On 6/22/2020 7:45 PM, Ivan Godard wrote:
> <moved from "[OT] Anton Ertl has been proven right" to get away from the
> UB wrangling
>
> On 6/22/2020 7:09 PM, Chris M. Thomasson wrote:
> > On 6/22/2020 6:26 PM, Ivan Godard wrote:
> >> On 6/22/2020 5:35 PM,
already...@yahoo.com wrote:
> >>> On Tuesday, June 23, 2020 at 2:28:24 AM UTC+3, Chris M. Thomasson
> wrote:
>
>
> >>> Why would anybody do it?
> >>> Unaligned accesses are good for many things, but atomicity is
> >>> certainly not one of them.
> >>>
> >>
> >> That's one of the reasons why Mill doesn't have hardware locking
> >> primitives but uses transactional semantics instead.
> >
> > Have any problems with live lock? ;^)
>
> That's a real good question, and the answer is we really don't know yet
> but don't believe so. The reason we don't think so is that the hardware
> primitives automatically do a backoff, so lockout is exponentially
> unlikely as the duration increases, as in well known network protocols.
Clever back off schemes can help wrt a transactional setup. I have even
seen some elaborate so-called "contention manager" algorithms in various
STM's over the years. Although, I am wondering if there is an upper
bound on how many failures there can be in a LL/SC on the Mill? Lets
call a failure a spin... Can there theoretically be infinite spins?

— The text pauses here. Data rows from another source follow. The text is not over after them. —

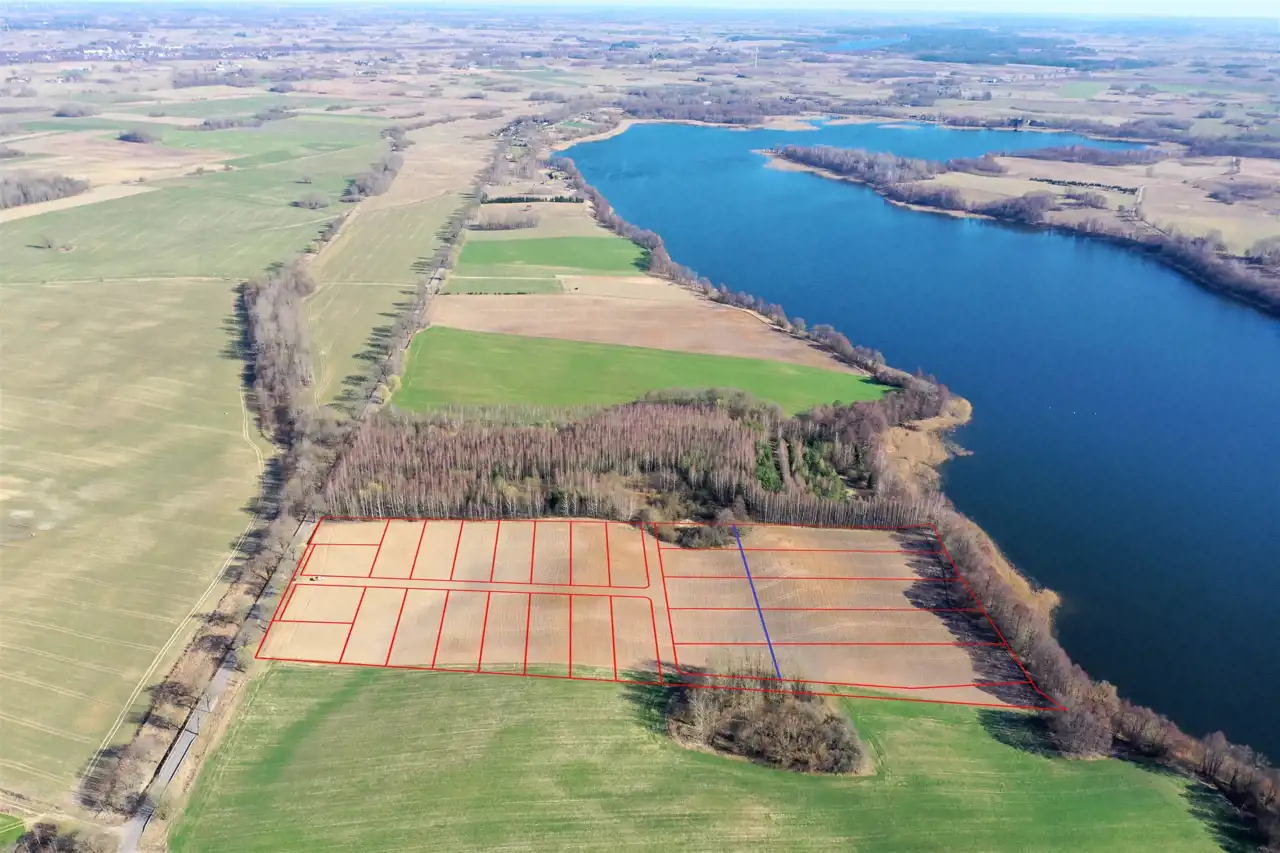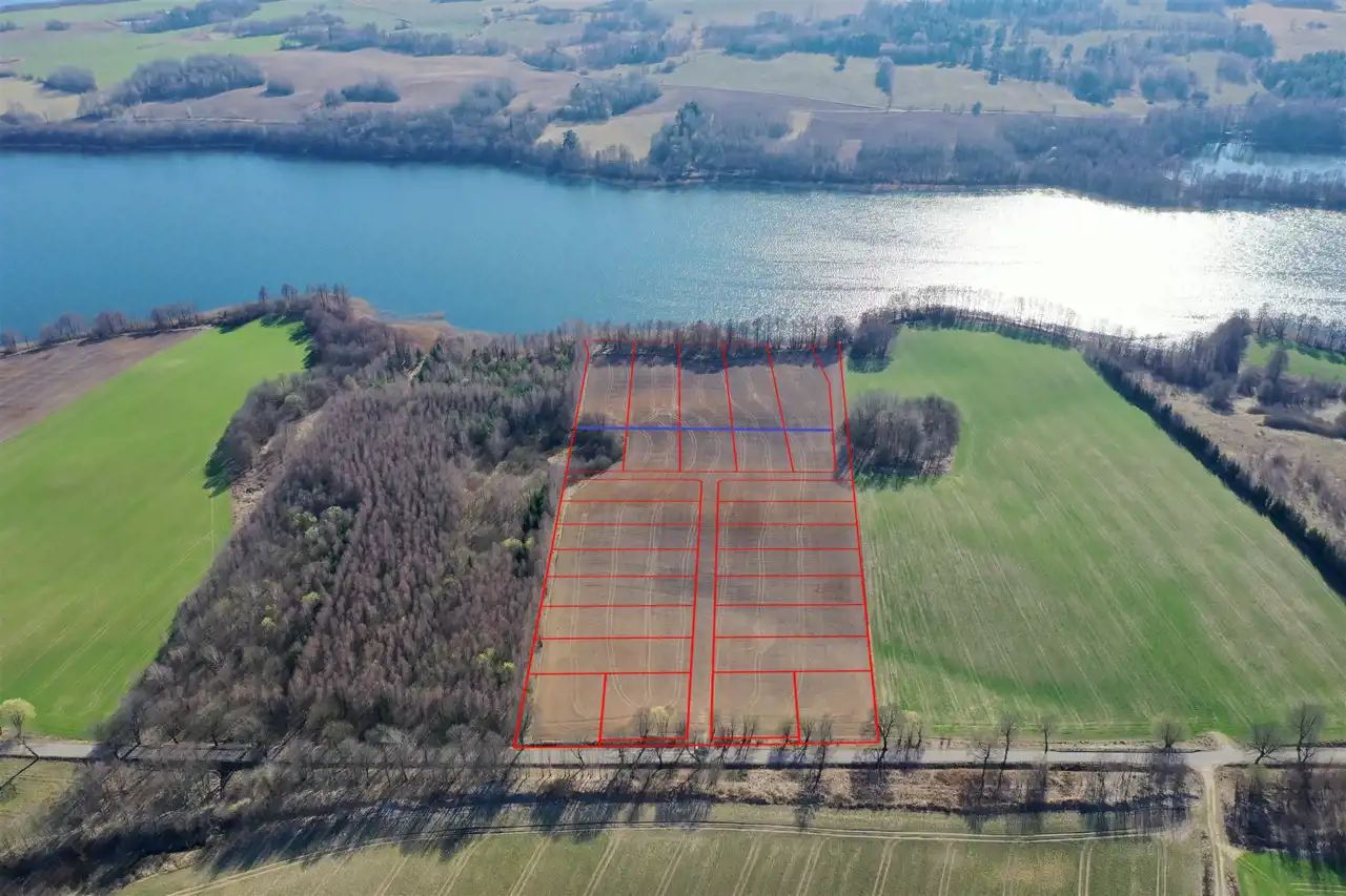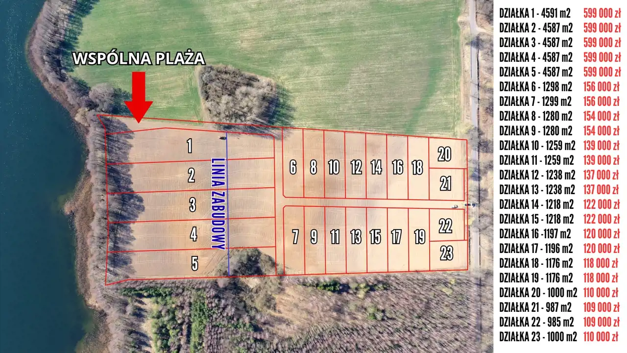 Powierzchnie działek wynoszą od 985 m2 do 4591 m2. Działki o numerach od 1 do 5 posiadają własne linie brzegowe jeziora, zaś pozostałe działki posiadają dostęp do jeziora poprzez wspólną plażę o długości linii brzegowej 20.67 m. Linia zabudowy zgodnie z MPZP zaznaczona jest na mapie niebieską linią.
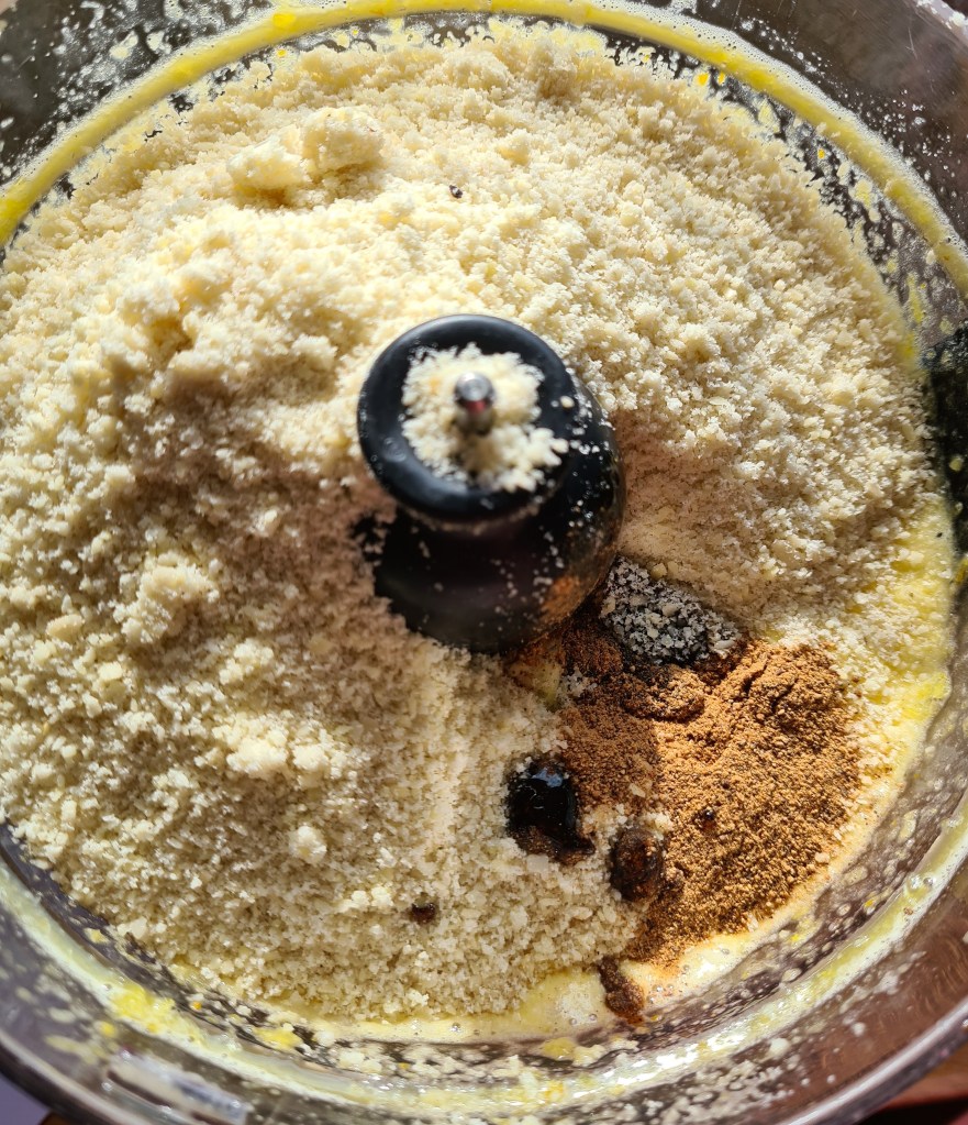Add the two sugars and the eggs to the processor and blitz just to mix. Add in the ground almonds, nutmeg, vanilla, almond extract and the baking powder and blitz again.
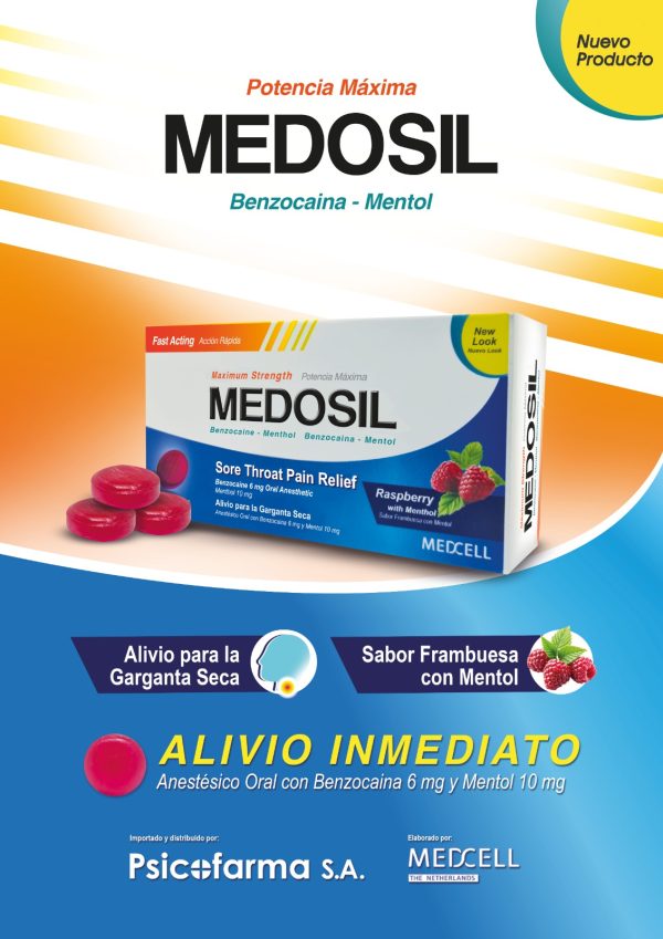 - Anestésico oral con Benzocaína 6 MG y Mentol 10MG.

One possible case of headaches, have you seen a scenario where a LL/SC
was operating on a reservation granule that was "accidentally" falsely
shared with another piece of unrelated data that another thread works
on? If this other thread stores into this granule, it can cause the the
unrelated LL/SC to fail at will.
false sharing on reservation granule, is bad mojo. Humm, well, what is
the size of a granule on the Mill? Is it really small? Perhaps even a
single byte?
Then there is just very high contention scenarios, no false sharing,
that can still cause a lot of failures, and spins. The system is under
heavy load, oh shi%.
> We realize that a backoff algorithm only gives statistical guarantees,
> as opposed to a round robin which can give a fixed guarantee. This may
> rule out use in certain hard realtime codes that must have the fixed
> guarantee. It's a market choice to abandon such codes, but then any OOO
> or machine with a cache has also made the same market choice.
For sure. Indeed. The problems tend to show up when the system is under
periods of heavy sustained load. Hot spots emerge...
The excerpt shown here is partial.